### [PROMPT]
Copy the lines below exactly, starting at the one with "大劇院沿湖一側,起伏的屋面,舒展流暢,宛" and ending at the one with "实践队员帮助社区学员制作金砖国家特色美食", and leave out any picture.

### [DATA IN THIS EXERCISE]

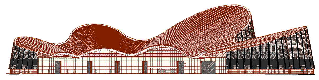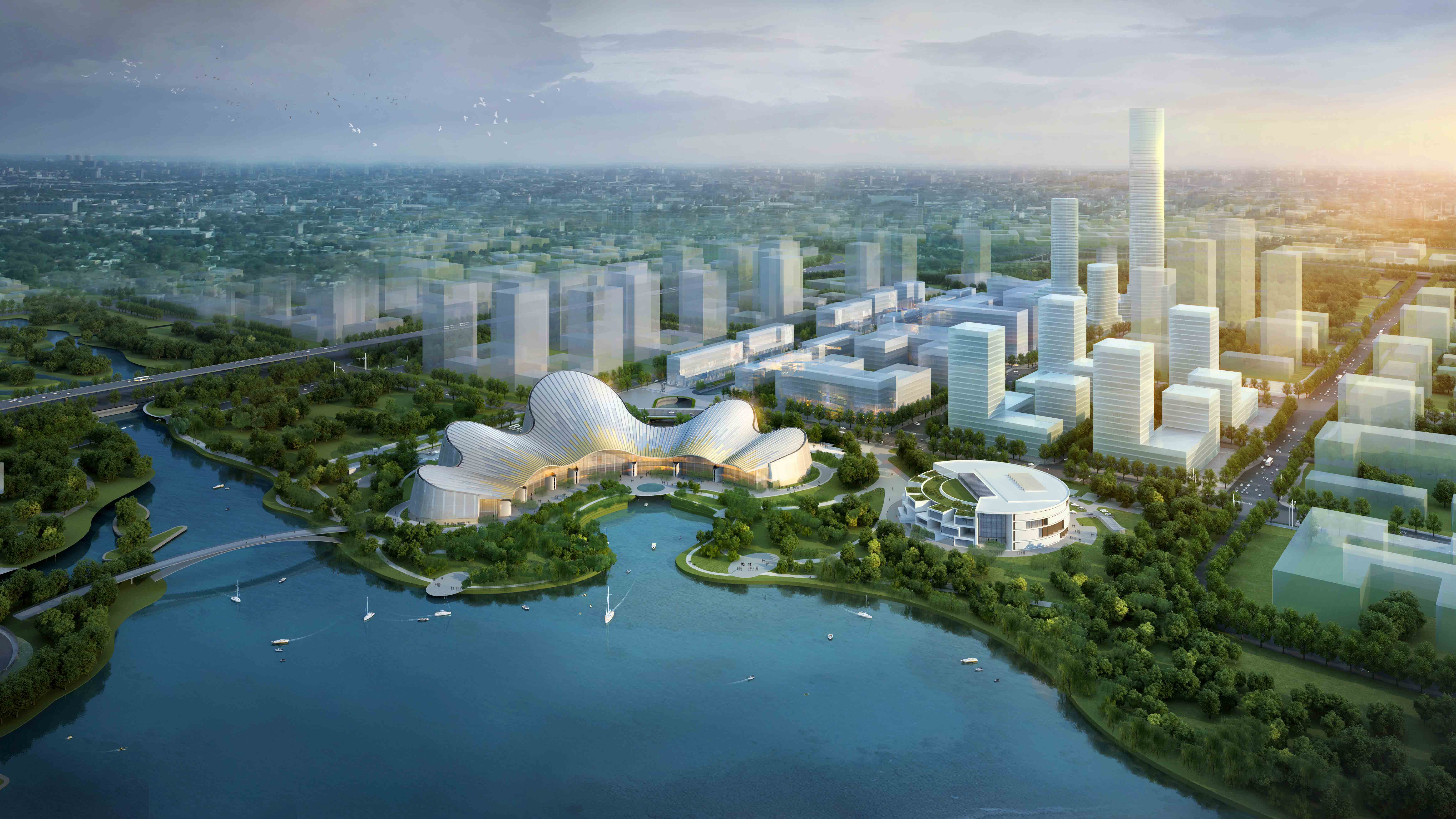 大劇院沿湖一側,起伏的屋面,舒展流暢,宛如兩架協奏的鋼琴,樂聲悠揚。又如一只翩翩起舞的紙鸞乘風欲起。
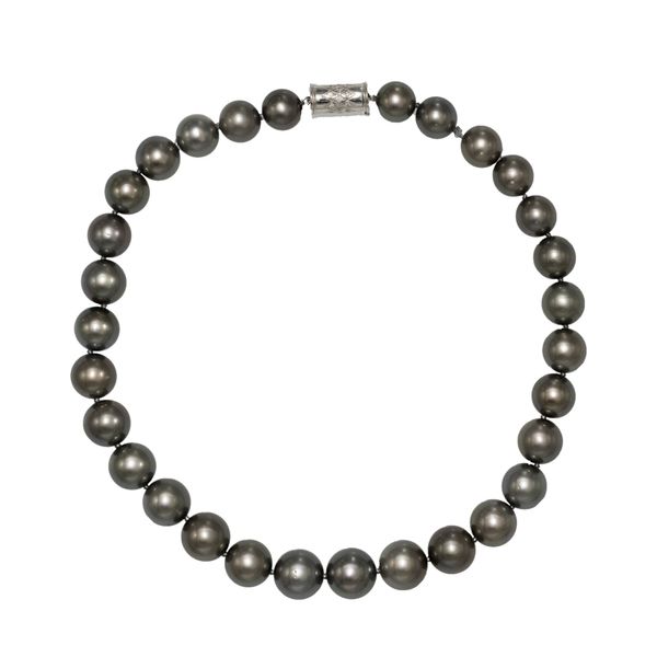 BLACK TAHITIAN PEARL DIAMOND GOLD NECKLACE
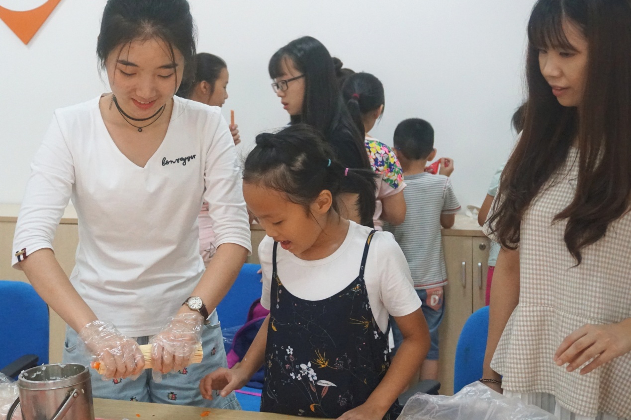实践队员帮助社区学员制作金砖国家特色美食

...

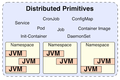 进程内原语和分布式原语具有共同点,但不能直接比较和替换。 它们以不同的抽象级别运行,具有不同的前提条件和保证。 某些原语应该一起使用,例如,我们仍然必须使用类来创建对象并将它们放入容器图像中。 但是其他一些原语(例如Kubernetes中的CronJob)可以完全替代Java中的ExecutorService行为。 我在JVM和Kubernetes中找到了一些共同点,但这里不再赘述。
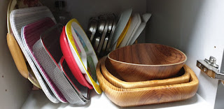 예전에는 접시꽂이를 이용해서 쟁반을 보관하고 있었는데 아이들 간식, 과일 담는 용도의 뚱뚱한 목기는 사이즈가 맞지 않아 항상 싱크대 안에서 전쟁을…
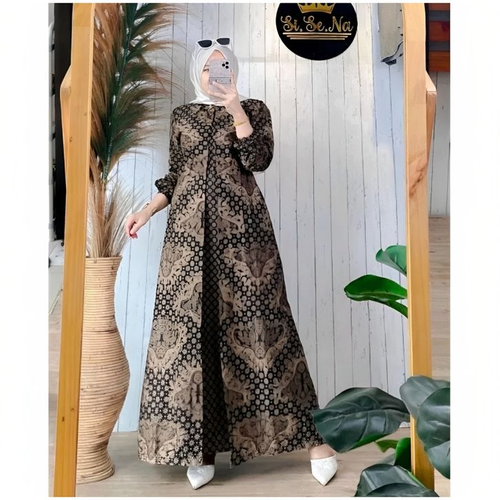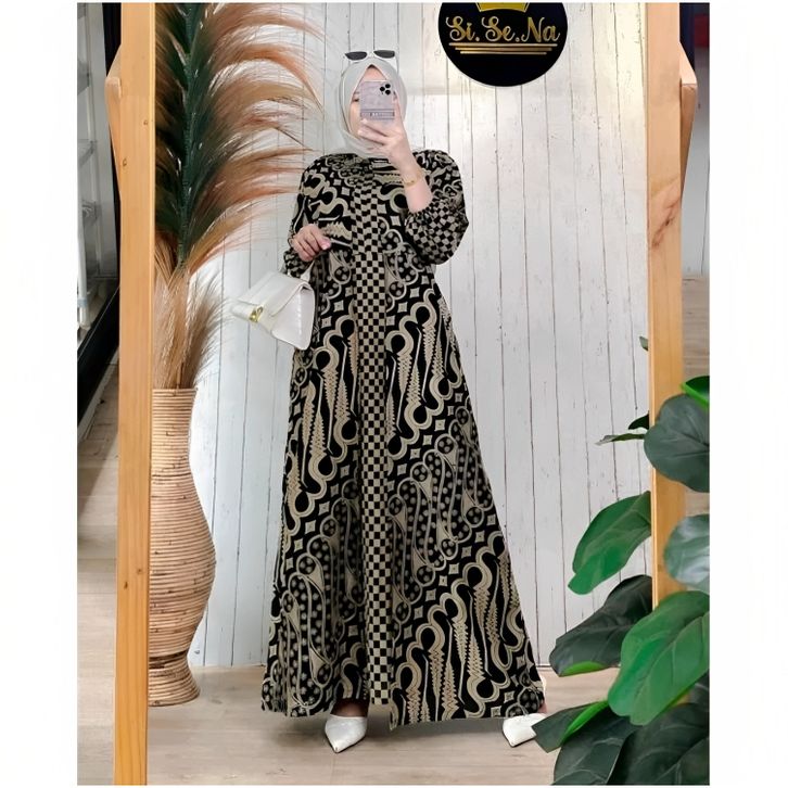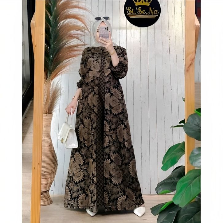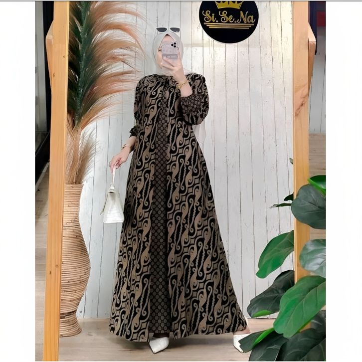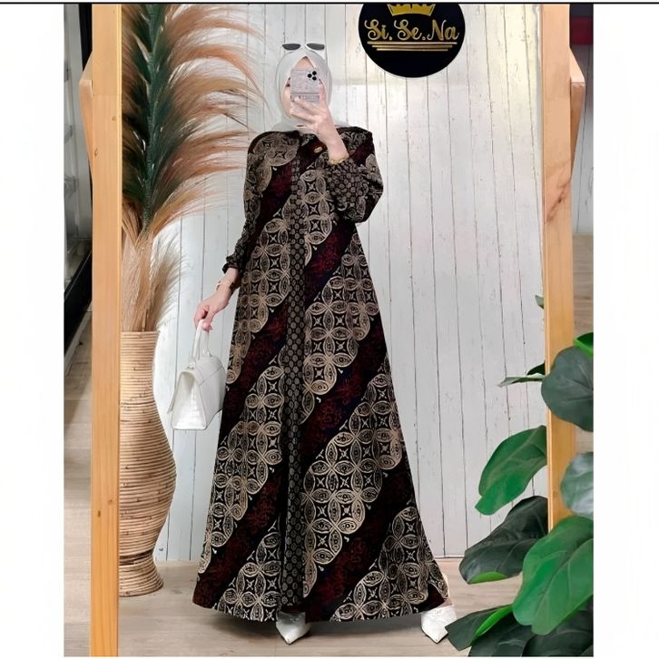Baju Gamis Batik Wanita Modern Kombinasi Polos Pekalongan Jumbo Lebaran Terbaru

--

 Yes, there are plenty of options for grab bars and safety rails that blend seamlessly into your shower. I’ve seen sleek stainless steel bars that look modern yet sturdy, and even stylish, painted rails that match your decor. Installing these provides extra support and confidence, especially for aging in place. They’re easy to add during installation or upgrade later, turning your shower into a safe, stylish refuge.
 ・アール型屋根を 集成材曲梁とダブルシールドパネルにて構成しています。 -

### [SOLUTION BELOW]
 大劇院沿湖一側,起伏的屋面,舒展流暢,宛如兩架協奏的鋼琴,樂聲悠揚。又如一只翩翩起舞的紙鸞乘風欲起。
 BLACK TAHITIAN PEARL DIAMOND GOLD NECKLACE
实践队员帮助社区学员制作金砖国家特色美食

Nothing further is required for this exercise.